Serum leptin measurement
Terminal blood samples were collected in MiniCollect serum separation tubes (Grenier Bio-One, Kremsumunster Austria) at time of sacrifice by cardiac puncture, stored on wet ice, and serum isolated by centrifuge. Serum was stored at −80°C until analysis. Serum leptin was measured in duplicate by ELISA (Crystal Chem, Downers Grove, IL) according to manufacturer’s instructions and quantitated on microplate reader (Molecular Devices, Sunnyvale, CA).
Mouse trabecular and cortical bone morphology by microCT
Assessment of bone morphology and microarchitecture was performed with high-resolution microcomputed tomography (eXplore Locus SP, GE Healthcare, Chalfont, UK) using scan parameters of 80 kVP, 0.45 mA. In brief, the metaphysis of the distal femur was scanned using an 18 μm isotropic voxel size. Images were reconstructed, filtered, and thresholded using a specimen-specific threshold (Meinel et al. 2005; Ridler and Calvard 1978). Morphometric parameters were computed using a direct 3D approach that does not rely on any assumptions about the underlying structure (Hildebrand et al. 1999; Hildebrand and Rüegsegger 1997). Cortical and trabecular regions of interest were evaluated using Microview (v. 2.2, GE Healthcare, London, ON, Canada). The trabecular region of interest began 270 microns proximal to the distal growth plate and extended proximally for 10% of the total length of the bone (Bouxsein et al. 2010). For the trabecular bone region we assessed bone volume fraction (BV/TV, %), trabecular thickness (Tb.Th, μm), trabecular separation (TbSp, μm), trabecular number (Tb.N, 1/mm), and connectivity density (Conn.D 1/mm3). The cortical region of interest consisted of 50 slices centered at the femoral midshaft. Cortical bone parameters included the total cross-sectional area, cortical bone area (TA and BA, mm2), bone area fraction (BA/TA, %), cortical thickness (mm), maximum and minimum area moments of inertia (Imax and Imin, mm4), and polar moment of inertia (J). All methods followed American Society for Bone and Mineral Research guidelines (Bouxsein et al. 2010).
Bone strength testing
After completion of μCT, the strength of the femoral midshaft was assessed by 4-point bending using previously described methods (Sinder et al. 2015; Smith et al. 2013).

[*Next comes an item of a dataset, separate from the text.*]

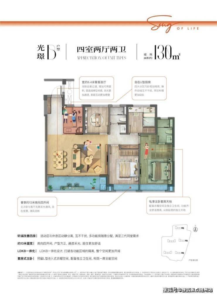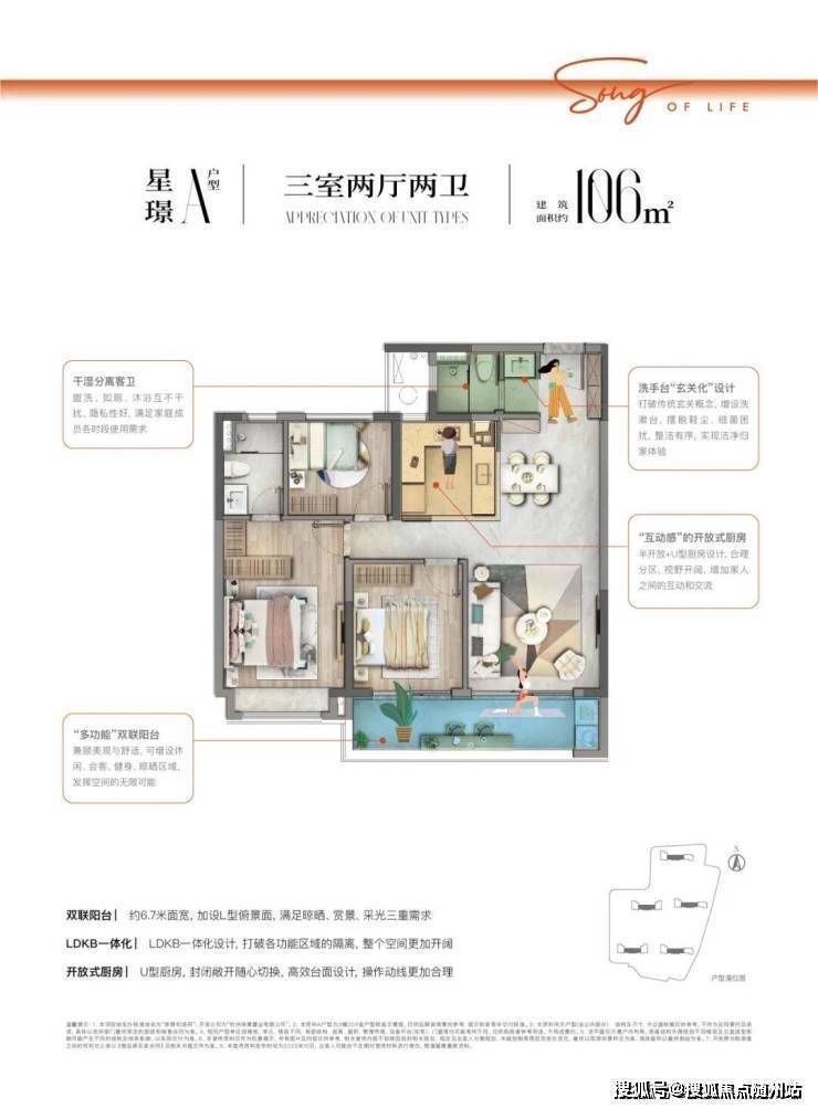 户户阔绰大开间、LDK一体化、开放式厨房与南向双联阳台,再加上三分离次卫空间、洗手台“玄关化”、套房主卧等,给到业主更具仪式感的美好体验和尊重。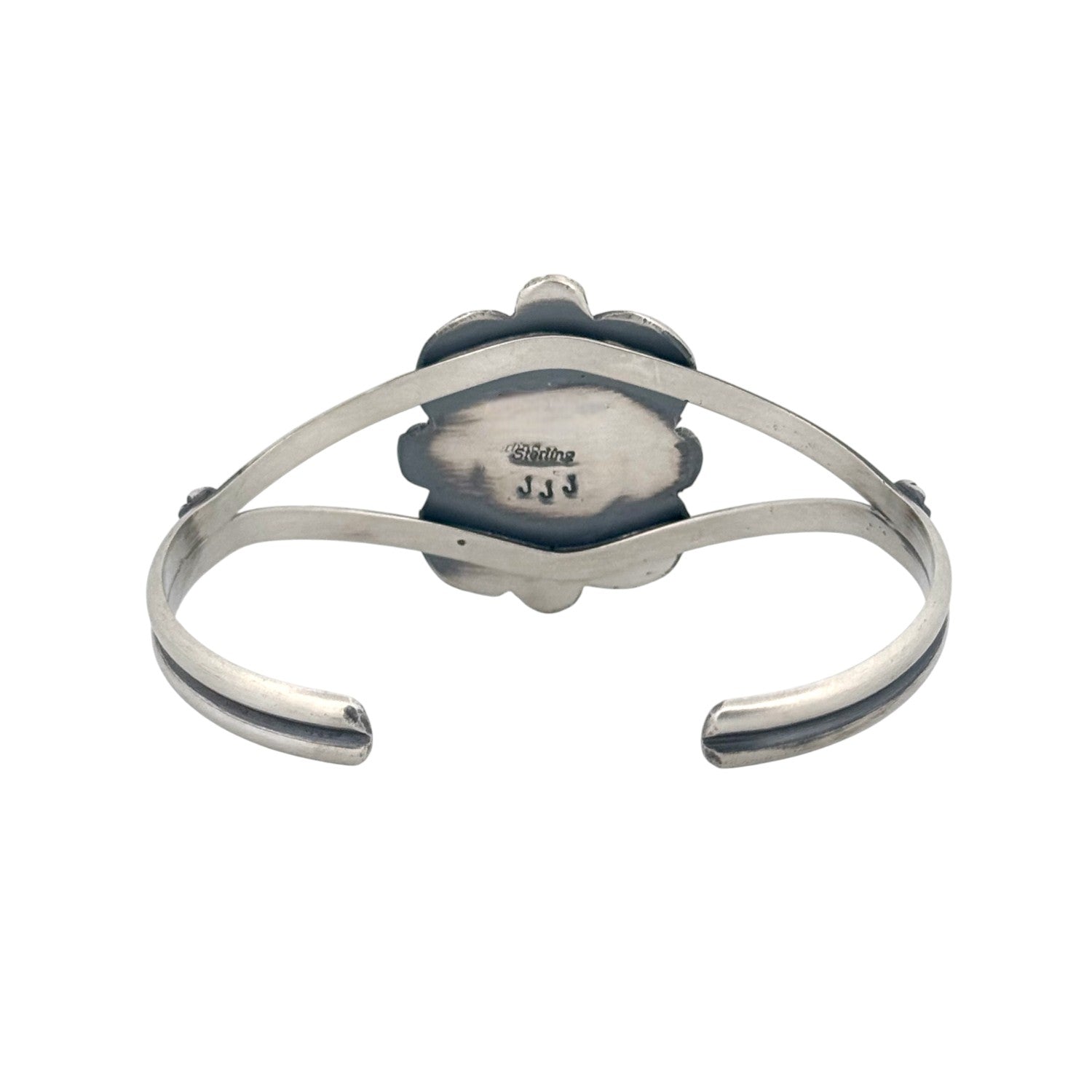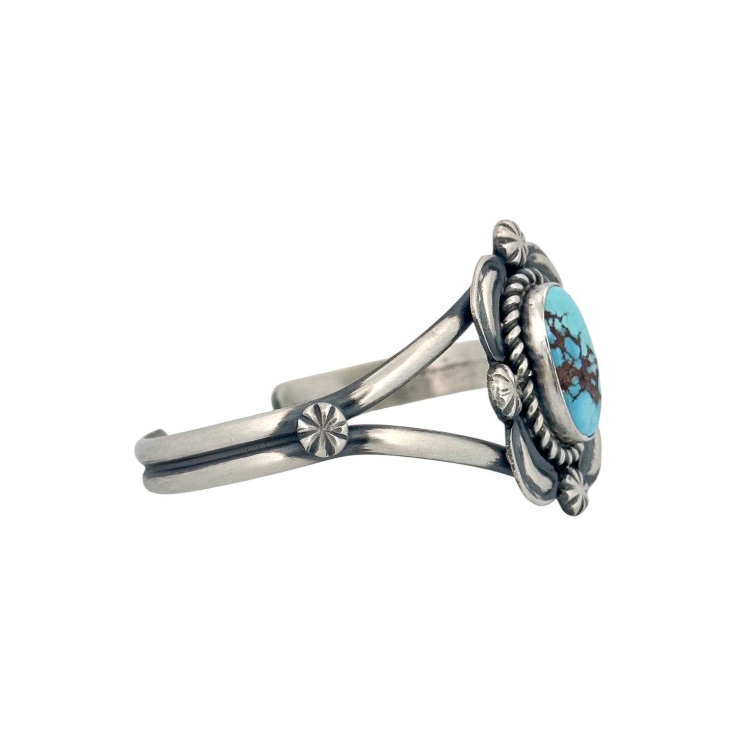 This elegant Navajo handmade bracelet by Jeff James Jr. highlights the captivating beauty of Golden Hills Turquoise. The centerpiece stone features soft sky-blue tones with distinctive golden-brown matrix patterns, set securely in a polished sterling silver bezel. Surrounding the turquoise are hand-stamped silver details, including traditional Navajo scalloped and flower motifs, adding depth and artistry to the design. The split-shank cuff enhances balance and comfort, while emphasizing the stone’s natural radiance. Each element of this bracelet reflects Jeff James Jr.’s skill and respect for Navajo silversmithing traditions.

Briefly, frozen specimens were thawed in calcium-buffered saline. A low force mechanical testing system (858 Minibionix II; MTS Systems Corporation, Eden Prairie, MN, USA) was used to apply a constant displacement rate of 0.05 mm/sec in the anterior-posterior direction, with the anterior side in compression. Upper and lower supports were 2.075 mm and 6.35 mm apart, respectively. Force-displacement data were used to determine structural properties (maximum load, stiffness and postyield displacement). Mechanical stiffness from four-point bending was adjusted for μCT-derived femoral midshaft area moment of inertia to calculate estimated material properties (Jepsen et al. 2015).
Statistical Analysis
Statistical analyses were run in SPSS 24 (IBM, Armonk, NY) using general linear models to test for effects of temperature and/or a temperature*age interaction. If there was a significant effect of temperature or temperature*age for a particular variable, the GLM was stratified by age to obtain p values for temperature (20 °C vs. 22 °C vs. 26 °C) within mice at 6 or 12 weeks of age. Given the influence of body mass on long bone cortical cross-sectional geometry, femoral cortical variables (Ct.Th, Ct.Ba, Ct.TA, Imax, Imin, J) were adjusted by regressing against body mass and testing for significance using the residuals (Lang et al. 2005). The significance level for major effects was set at alpha=0.05. All graphs were made using GraphPad Prism 7.0c for Mac OSX (GraphPad Software, La Jolla, CA).
RESULTS
Body size and composition, whole-body BMD, and hormone levels
Body mass and femur length did not differ across housing temperatures (Fig. 1A, Table 1), although at 6, 9, and 12 weeks of age, cool mice ate 12%, 36%, and 27% more than control mice and 22%, 70%, and 53% more than warm mice, respectively (p<0.005 for all, Fig. 1B). Cool mice had shorter bodies at 9 and 12 weeks of age (p<0.05 for both, Fig. 1C) and shorter tails at 6, 9, and 12 weeks of age (p<0.05 for all, Table 1).
Table 1.
6 wks of age | 9 wks of age | 12 wks of age | ||||||||||||||||||
---|---|---|---|---|---|---|---|---|---|---|---|---|---|---|---|---|---|---|---|---|
20°C (cool) | 22°C (control) | 26°C (warm) | 20°C (cool) | 22°C (control) | 26°C (warm) | 20°C (cool) | 22°C (control) | 26°C (warm) | ||||||||||||
SD | SD | SD | SD | SD | SD | SD | SD | SD | ptemp 6 wks | ptemp 9 wks | ptemp 12 wks | |||||||||
Femur lengtd (mm) | 0.10 | 0.40 | 0.40 | 0.8 | 0.2 | 0.1 | NS | NS | NS | |||||||||||
Tail length (mm) | 3.4 | 2.8 | 2.3 | 2.1 | 1.6 | 2.6 | 2.9 | 4.2 | 2.9 | <0.0001 | 0.041 | 0.004 | ||||||||
BMC (g) | 0.022 | 0.023 | 0.016 | 0.034 | 0.022 | 0.018 | 0.036 | 0.065 | 0.014 | NS | NS | NS | ||||||||
Lean mass (g) | 0.99 | 1.31 | 1.22 | 1.41 | 1.43 | 1.05 | 1.38 | 1.33 | 0.95 | NS | NS | NS |
Longitudinal DXA showed differences in body composition across temperatures. BMD was 5.1% lower in cool vs. control mice at 6 weeks of age (p<0.01) but not 9 or 12 weeks of age (Fig 1D). BMC (g) did not differ at any age (Table 1). Compared to control and warm mice, cool mice had lower %body fat at 6 weeks of age but not at 9 or 12 weeks of age (Fig. 1E), while lean mass did not differ between groups (Table 1). Serum leptin was lower in cool and control vs. warm mice at 6 weeks and in cool vs. warm mice at 12 weeks of age (p<0.05 for all, Fig. 1F).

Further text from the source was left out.